Different Results when processing example CSV

GoHawks1423 · July 17, 2017, 2:42am

I am trying to learn KNIME and do a text classifier. I am going through the Document Classification example and using that to build my own. I have a CSV file for my data that has one column for text and another for the category.

The example uses the Table Reader nodes to read in data.

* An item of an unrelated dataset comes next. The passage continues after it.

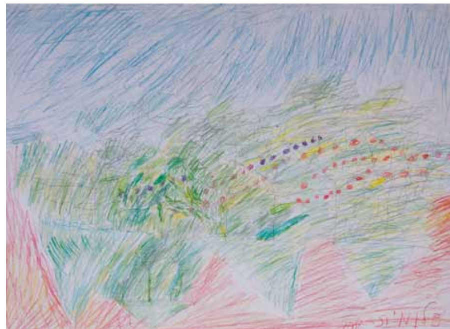
Sensibilität, Farbenreichtum und Liebe zum Detail zeichnen ihre filigranen Werke aus. Die Themen entstammen vor allem der Natur.

›Ausflug in die Natur‹ i Pigment, Buntstift auf Papier
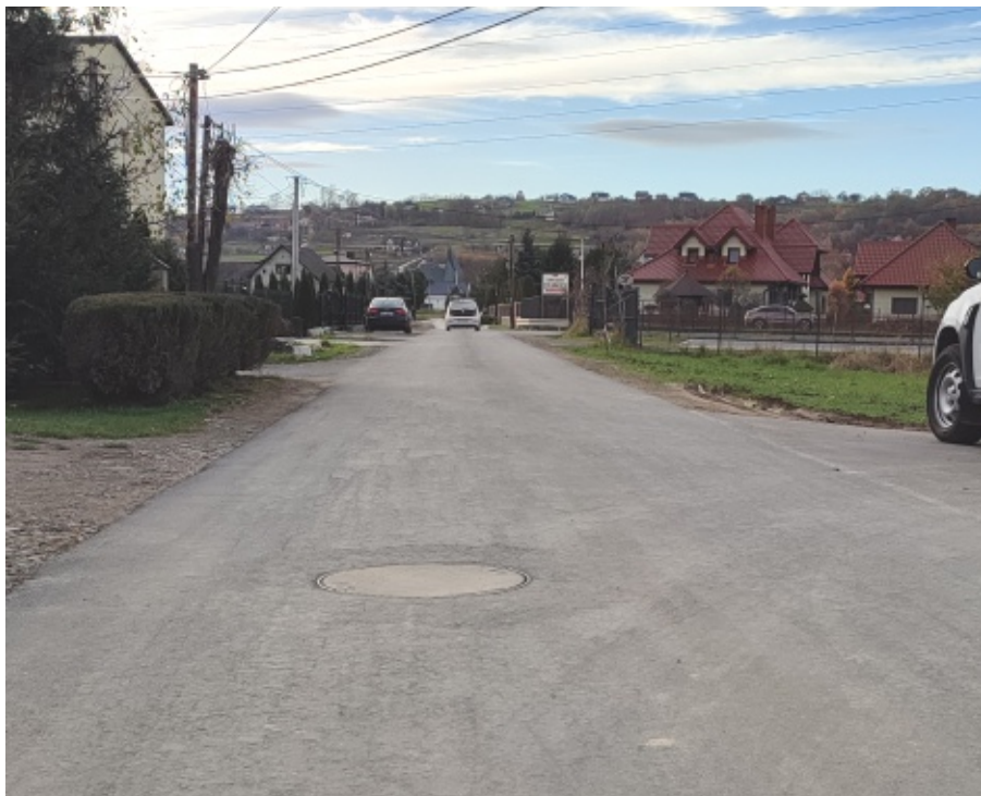
Ulica Łączna w Chełmcu ma już wodociąg i kanalizację

I took the concatenated result of that model and exported it to a CSV so that it mimcs my data. Everything is built the same and I get identical results up to the Term FIltering node. Basically, instead of using the Table Reader I read the exact same data via File Reader. However, when I get to the Bag of Words part in the Term filtering, I suddenly get different results. The example model contains many more rows of output. Is there something I'm not accounting for? All of the settings are identical but the results are the vastly different. Is the Strings To Document tokenizing the CSV entries differently? I just used the default tokenizer.

Iris · July 26, 2017, 8:38am

Hi Hawks,

this is really difficult to diagnose without actually looking at your workflow.

Best, Iris

UtilityHawk · September 9, 2017, 4:59am

Here is my workflow. Maybe I'm doing it wrong. I'm just learning this software but this looked fairly straight forward.

01_Document_clustering.knwf

UtilityHawk · September 9, 2017, 6:14am

As an example, when I run up to the bag of words creator, I noticed that the output table had 25,009 rows. Using the same exact settings, I could only get 1,726 with my CSV import.

system · June 2, 2023, 9:45pm

This topic was automatically closed 90 days after the last reply. New replies are no longer allowed.